Similarly, post-injury factors can complicate recovery, but are natural consequences of a TBI. The defense will always emphasize pre-existing problems without acknowledging that post-injury factors were produced by the injury. To be sure, it is well recognized in the scientific literature that many TBI patients continued to suffer from fatigue, balance problems and issues with cognition, communication, emotion, return to work and return to leisure activities long after suffering the injury.

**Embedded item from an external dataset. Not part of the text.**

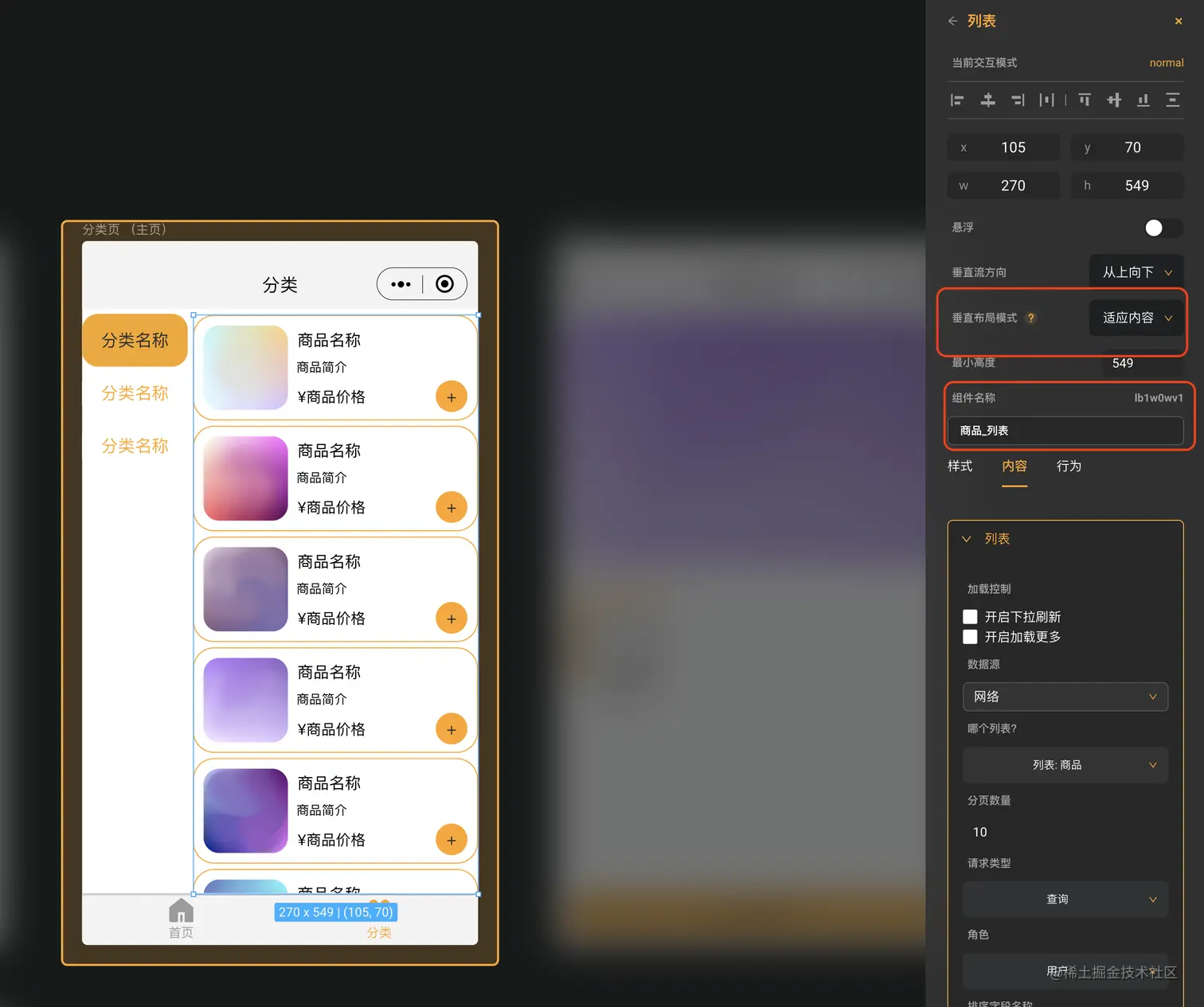 因为使用了适应内容所以加载可以关闭,过滤类型商品分类应等于选择视图的分类名称(因为在选择视图选择哪一类商品就要显示哪一类商品)
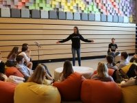 Перше, що мені сподобалось – це невимушена атмосфера вистави. Я не сильно люблю офіційні заходи, тому розповідь складного твору на м’яких пуфах - для мене найкращий варіант. Великим плюсом були ще й смачні бутерброди з салом, які доповнювали розповідь. Цікаво було бачити акторів прямо перед собою, бачити як змінюються їхні риси обличчя та емоції, спостерігати за тим, як вони взаємодіють між собою та виступають як згуртована команда. Друге – це стиль розповіді твору. Сюжет переказують, наповнюючи цікавими сценками, жартами та іронією. Важливою частиною є ще й взаємодія з глядачами. Актори залучають спостерігачів до своїх сценок й вони грають певну частину сюжету разом. Мені найбільше запам’яталося, коли покликали хлопця, щоб він зображав титаря, у якого вибивали гроші. Актори одягнули хлопцю мішок на голову й по-різному “знущалися” з нього тортурами того часу. Завдяки такій взаємодії глядачів і акторів вистава не стає нудною й деталі краще запам’ятовуються. Єдиним мінусом, який я виніс для себе — це не дуже інформативний виклад сюжету, адже в деяких моментах жарти та сценки затуляють суть самого твору. Через це по закінченню, я не до кінця розумів про що був твір «Гайдамаки». Загалом, я б порадив цю виставу людям, які люблять нестандартні театри. Це чудова можливість дізнатися багато нового про творчість Тараса Шевченка та гарно провести час, не навантажуючи себе великою кількістю інформації.

See “Longitudinal follow-up of patients with traumatic brain injury: outcome at two, five, and ten years post-injury”, Ponsford GL et al, J Neurotrauma. 2014 Jan 1;31(1):64-77. Likewise, brain injury may produce stress and anxiety caused by the physical and emotional consequences of the injuries including loss of self-esteem; interpersonal losses; loss of employment and loss of independence. Post-injury factors superimposed upon pre-existing vulnerabilities can worsen the outcome following a TBI, but in many cases, the pre-existing vulnerabilities do not limit financial recovery, but instead help explain the failure to recover from the injuries.